Stored entries:
┌──

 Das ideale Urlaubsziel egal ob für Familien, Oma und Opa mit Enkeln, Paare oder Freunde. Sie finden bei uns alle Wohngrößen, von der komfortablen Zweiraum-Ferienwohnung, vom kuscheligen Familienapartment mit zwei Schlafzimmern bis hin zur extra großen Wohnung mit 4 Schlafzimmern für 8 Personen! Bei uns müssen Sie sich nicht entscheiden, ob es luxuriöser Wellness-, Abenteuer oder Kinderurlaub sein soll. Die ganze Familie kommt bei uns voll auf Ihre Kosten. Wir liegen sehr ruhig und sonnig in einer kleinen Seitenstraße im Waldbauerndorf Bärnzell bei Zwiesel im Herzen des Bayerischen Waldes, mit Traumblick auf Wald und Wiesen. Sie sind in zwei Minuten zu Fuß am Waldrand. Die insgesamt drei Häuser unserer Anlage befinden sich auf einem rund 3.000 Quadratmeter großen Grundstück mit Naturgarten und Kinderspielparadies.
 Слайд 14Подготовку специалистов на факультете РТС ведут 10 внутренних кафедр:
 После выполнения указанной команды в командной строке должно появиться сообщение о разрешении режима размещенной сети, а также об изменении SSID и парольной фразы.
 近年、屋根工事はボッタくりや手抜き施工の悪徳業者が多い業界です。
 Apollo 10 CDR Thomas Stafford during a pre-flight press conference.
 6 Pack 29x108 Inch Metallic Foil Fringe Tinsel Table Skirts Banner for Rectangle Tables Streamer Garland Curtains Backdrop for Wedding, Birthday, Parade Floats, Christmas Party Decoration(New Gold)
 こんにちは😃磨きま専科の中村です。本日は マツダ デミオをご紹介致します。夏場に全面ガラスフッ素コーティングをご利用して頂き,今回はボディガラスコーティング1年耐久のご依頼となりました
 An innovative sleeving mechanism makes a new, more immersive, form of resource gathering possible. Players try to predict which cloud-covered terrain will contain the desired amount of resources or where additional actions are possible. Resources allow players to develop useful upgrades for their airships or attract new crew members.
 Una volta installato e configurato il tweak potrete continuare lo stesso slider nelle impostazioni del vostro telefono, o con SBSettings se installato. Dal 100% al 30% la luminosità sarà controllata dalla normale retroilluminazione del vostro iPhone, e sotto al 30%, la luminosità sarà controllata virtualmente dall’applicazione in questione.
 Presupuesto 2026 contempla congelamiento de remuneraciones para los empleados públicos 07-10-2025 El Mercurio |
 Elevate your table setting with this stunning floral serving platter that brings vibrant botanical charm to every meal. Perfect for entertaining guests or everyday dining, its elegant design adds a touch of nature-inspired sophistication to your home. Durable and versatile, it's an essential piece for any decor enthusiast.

└──

**Work task:**
The records above are to be given again in full, exactly as written.

**Finished exercise:**
 Das ideale Urlaubsziel egal ob für Familien, Oma und Opa mit Enkeln, Paare oder Freunde. Sie finden bei uns alle Wohngrößen, von der komfortablen Zweiraum-Ferienwohnung, vom kuscheligen Familienapartment mit zwei Schlafzimmern bis hin zur extra großen Wohnung mit 4 Schlafzimmern für 8 Personen! Bei uns müssen Sie sich nicht entscheiden, ob es luxuriöser Wellness-, Abenteuer oder Kinderurlaub sein soll. Die ganze Familie kommt bei uns voll auf Ihre Kosten. Wir liegen sehr ruhig und sonnig in einer kleinen Seitenstraße im Waldbauerndorf Bärnzell bei Zwiesel im Herzen des Bayerischen Waldes, mit Traumblick auf Wald und Wiesen. Sie sind in zwei Minuten zu Fuß am Waldrand. Die insgesamt drei Häuser unserer Anlage befinden sich auf einem rund 3.000 Quadratmeter großen Grundstück mit Naturgarten und Kinderspielparadies.
 Слайд 14Подготовку специалистов на факультете РТС ведут 10 внутренних кафедр:
 После выполнения указанной команды в командной строке должно появиться сообщение о разрешении режима размещенной сети, а также об изменении SSID и парольной фразы.
 近年、屋根工事はボッタくりや手抜き施工の悪徳業者が多い業界です。
 Apollo 10 CDR Thomas Stafford during a pre-flight press conference.
 6 Pack 29x108 Inch Metallic Foil Fringe Tinsel Table Skirts Banner for Rectangle Tables Streamer Garland Curtains Backdrop for Wedding, Birthday, Parade Floats, Christmas Party Decoration(New Gold)
 こんにちは😃磨きま専科の中村です。本日は マツダ デミオをご紹介致します。夏場に全面ガラスフッ素コーティングをご利用して頂き,今回はボディガラスコーティング1年耐久のご依頼となりました
 An innovative sleeving mechanism makes a new, more immersive, form of resource gathering possible. Players try to predict which cloud-covered terrain will contain the desired amount of resources or where additional actions are possible. Resources allow players to develop useful upgrades for their airships or attract new crew members.
 Una volta installato e configurato il tweak potrete continuare lo stesso slider nelle impostazioni del vostro telefono, o con SBSettings se installato. Dal 100% al 30% la luminosità sarà controllata dalla normale retroilluminazione del vostro iPhone, e sotto al 30%, la luminosità sarà controllata virtualmente dall’applicazione in questione.
 Presupuesto 2026 contempla congelamiento de remuneraciones para los empleados públicos 07-10-2025 El Mercurio |
 Elevate your table setting with this stunning floral serving platter that brings vibrant botanical charm to every meal. Perfect for entertaining guests or everyday dining, its elegant design adds a touch of nature-inspired sophistication to your home. Durable and versatile, it's an essential piece for any decor enthusiast.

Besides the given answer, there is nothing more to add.